A question about paving for those of you who have done this before.  
I am in the process of landscaping the garden at the rear of the house. I am working on a path that winds its way from a back gate (one of two back gates on our property - this one has little traffic) and joins up with a long veranda (which is already paved). This path is about 13 m long and 3 m wide on average (it starts at 2.4 m at the gate and widens out to 4.5 m before linking in with the lawn).  
The soil in Perth is more like beach sand - very dry and soft. Water drainage is excellent.  
I am using 200 x 100 clay pavers. On the one side of the of the path is an external wall of the house, on the other side is a retaining wall to be built from limestone blocks.   
So far I have dug out the path (all on my own!). Tomorrow I plan to hire a compactor. 
Here are the questions: 
(1) Do I need to lay down a special bedding layer, such as crushed rock or gravel? I thought that I could forgo this level since the path is going to have very light use and, at most, carry the weight of an adult human (not a car).  
(2) Assuming that I do not need a bedding layer, do I need to screed the compacted sand with (yellow) builders sand in the levelling process? The top layer of the compacted sand will dry very quickly (assuming I dampen it slightly when compacting, and even if I don't) and become powdery. It will be easy enough to scrape this flat (straight edge on aluminium runners). My understanding of the screeding sand is that it is just to aid in the levelling process. 
(3) Is it better to do the limestone edging/retaining wall before laying the pavers (except for those that need to be cut in at the end), or should I put the limestone blocks in afterward? 
Hoping that the New Year brings you everything that you desire ... 
Regards from Perth 
Derek

----------


## bitingmidge

Derek, 
I am a complete klutz (whatever that is) when it comes to anything to do with levelling, concrete etc.... but in the absence of Squizzy: 
All the info you ever wanted to know can be found here: http://www.cmaa.com.au/html/TechInfo...nfoPaving.html 
Take the following with a grain of salt: 
1) You may get away with not laying down a crushed rock bed, but ants nesting under and water flowing erratically through the pavement can lead to strange dips and bumps over times.    
In similar conditions I have been known to sprinkle cement over the levelled sand and gently rake it in about an inch down.  I don't know if it really works, but it should give the top inch or so a bit of "stick togetherness". 
2) I'd use LOTS of water and a plate/ vibrating compactor, if you get a soft spot or two, be prepared to use a bit of sand!   Note, this is only going to compact the top 100mm or so; providing your sand subsoil is reasonably compact you'll be OK, if not... you won't!  At least if the paving dips you'll be able to dig it up and fix it relatively easily. 
3) I'd put the blocks in as I went.  
I don't think there's a right or wrong answer, if you are really confident of getting them in at absolutely the right width, do them first by all means, but I'd need the small amount of "wobble space" that doing them last gives. 
You'll need to be a little careful that you don't undermine the sand, and again, I'd be using mortar at the edge to keep things nice and stable long term. 
cheers, 
P(good luck!)   :Biggrin:

----------


## Driver

Derek 
Here are some answers:   

> (1) Do I need to lay down a special bedding layer, such as crushed rock or gravel?
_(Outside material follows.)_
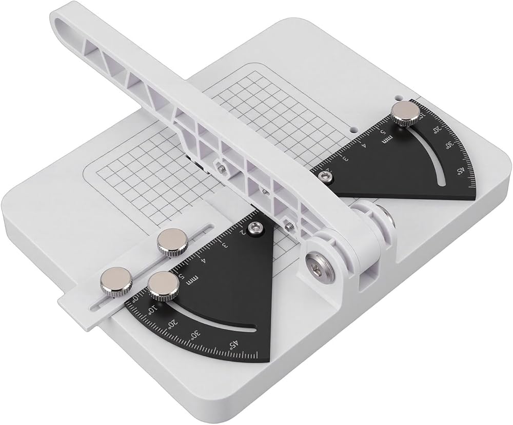1. Adjustable Angle Flexibility: The angle cutting station features adjustable angles with a range from 0° to 45°, equipped with a protractor and metal knob for secure locking.

I thought that I could forgo this level since the path is going to have very light use and, at most, carry the weight of an adult human (not a car).

  No you don't need to use gravel or crushed rock. As long as you have the sand reasonably well compacted, you won't get much movement if the path is only for pedestrian traffic. My entire brick-paved patio (12 metres x 6 metres) is laid only on sand.   

> (2) Assuming that I do not need a bedding layer, do I need to screed the compacted sand with (yellow) builders sand in the levelling process? The top layer of the compacted sand will dry very quickly (assuming I dampen it slightly when compacting, and even if I don't) and become powdery. It will be easy enough to scrape this flat (straight edge on aluminium runners). My understanding of the screeding sand is that it is just to aid in the levelling process.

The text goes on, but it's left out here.